While I was thinking about my work in communicating sustainability, this story came to my mind. Climate change communication and I would say more broadly, sustainability communication is a complicated topic for various reasons, but I believe it is one of the most critical challenges we face today. I say sustainability communication because I think that in the climate change topic there is much more than climate change itself. That’s why I always prefer to refer to sustainability using the broader term that includes the social, economic and ecological systems. In the end, they are all involved in this topic, and if you try to communicate climate change, all these systems will, at some point, be touched.

Why it is so difficult

Well, there are a significant number of reasons why communicating sustainability is a tough challenge in which I believe we are many times failing.

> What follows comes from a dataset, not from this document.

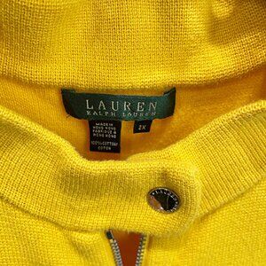 LRL RALPH LAUREN Short Sleeve Full Zip Sweater Jacket Yellow Womens 2X

First of all, sustainability means thinking about the world as a big system made of subsystems which are all interconnected. The social system, the economic and the ecological ones are the big systems involved, but then, inside each one of them, there are infinite numbers of sub-systems. You touch one, and you see the systems around adapting and reacting many times in unpredictable ways. And system thinking is a method to apply both while analyzing the problems and while looking for solutions. There is no solution if we are not considering the larger pictures, and this is a way of thinking that might not be so common for our brains.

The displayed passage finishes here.